VllmChatModel:保留 reasoning 的 vLLM provider

VllmChatModel 继承 langchain_openai:ChatOpenAI,解决 vLLM 0.19.0 的一个具体问题:LangChain 默认 OpenAI 适配器会丢弃非标准的 reasoning 字段,导致交错式 thinking/tool-call 流程在后续轮次失去之前的推理上文backend/packages/harness/deerflow/models/vllm_provider.py:1-13。它在三处保留 reasoning:

_get_request_payload:把上一轮 assistant 消息的 reasoning 重新注入出站请求backend/packages/harness/deerflow/models/vllm_provider.py:168-191
_create_chat_result:非流式响应保留 reasoning / reasoning_contentbackend/packages/harness/deerflow/models/vllm_provider.py:193-212
_convert_chunk_to_generation_chunk:流式 delta 保留 reasoningbackend/packages/harness/deerflow/models/vllm_provider.py:214-258

此外 _normalize_vllm_chat_template_kwargs 把 DeerFlow 早期文档的 chat_template_kwargs.thinking 别名归一化为 vLLM 0.19.0 Qwen reasoning parser 实际读取的 enable_thinking,保证旧配置仍可用backend/packages/harness/deerflow/models/vllm_provider.py:39-62。

Data Flow

下图展示一次 create_chat_model("doubao-seed-1.8", thinking_enabled=True) 的完整调用链。

关键编号步骤说明:

调用方(如 lead_agent)传入模型名与 thinking_enabledbackend/packages/harness/deerflow/agents/lead_agent/agent.py:435。
工厂用 get_model_config(name) 取出该模型的 ModelConfigbackend/packages/harness/deerflow/models/factory.py:62。
resolve_class 按 use 类路径反射导入并做 BaseChatModel 子类校验backend/packages/harness/deerflow/models/factory.py:65。
thinking_enabled 为真且 supports_thinking 为真时,把 effective_wte 合并进构造参数backend/packages/harness/deerflow/models/factory.py:88-92。
用解析出的类与合并后的参数实例化模型backend/packages/harness/deerflow/models/factory.py:150。

Implementation Details

thinking 覆盖逻辑是工厂里最精细的部分。先合并出"生效的 enabled 设置"effective_wte,再分场景处理:

python

# 把 thinking 快捷字段合并进 when_thinking_enabled
has_thinking_settings = (model_config.when_thinking_enabled is not None) or (model_config.thinking is not None)
effective_wte: dict = dict(model_config.when_thinking_enabled) if model_config.when_thinking_enabled else {}
if model_config.thinking is not None:
    merged_thinking = {**(effective_wte.get("thinking") or {}), **model_config.thinking}
    effective_wte = {**effective_wte, "thinking": merged_thinking}
if thinking_enabled and has_thinking_settings:
    if not model_config.supports_thinking:
        raise ValueError(f"Model {name} does not support thinking. ...")
    if effective_wte:
        model_settings_from_config.update(effective_wte)

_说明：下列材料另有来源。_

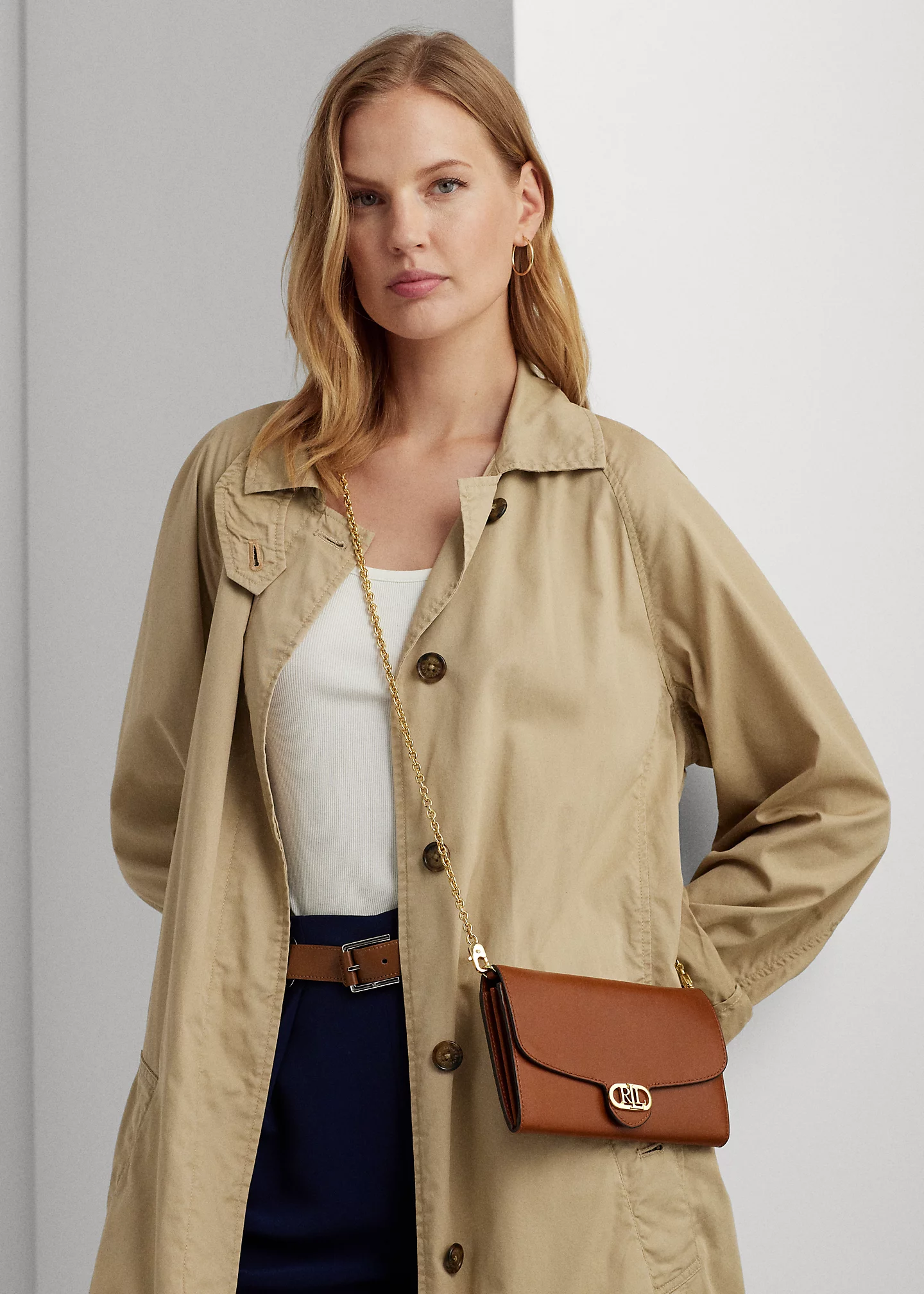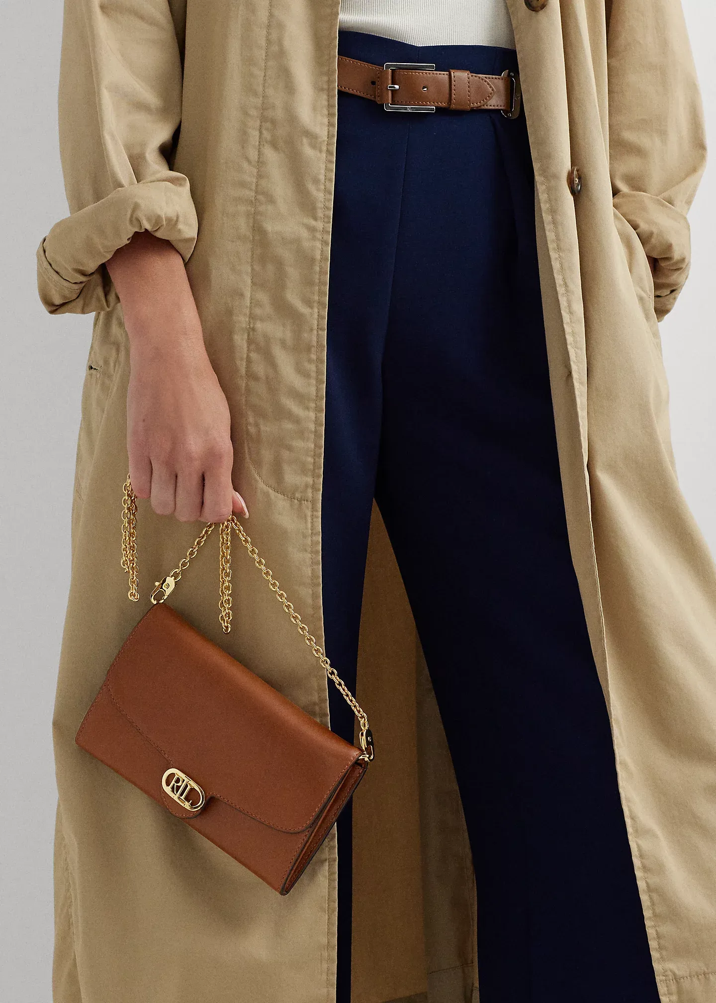- Magnetic snapped closure. Metal “LRL” hardware at the front. “Lauren Ralph Lauren” logo foil-printed at the back.

backend/packages/harness/deerflow/models/factory.py:83-92

解读:thinking 字段优先级高于 when_thinking_enabled.thinking({**old, **new} 中后者覆盖前者)。开启 thinking 但模型未声明 supports_thinking 时直接抛错,而非静默忽略。

关闭 thinking(not thinking_enabled)时的分支按"用户显式 disable → OpenAI 兼容网关 → vLLM → Anthropic 原生"依次匹配:

python

if not thinking_enabled:
    if model_config.when_thinking_disabled is not None:
        model_settings_from_config.update(model_config.when_thinking_disabled)  # 用户显式优先
    elif has_thinking_settings and effective_wte.get("extra_body", {}).get("thinking", {}).get("type"):
        model_settings_from_config["extra_body"] = _deep_merge_dicts(..., {"thinking": {"type": "disabled"}})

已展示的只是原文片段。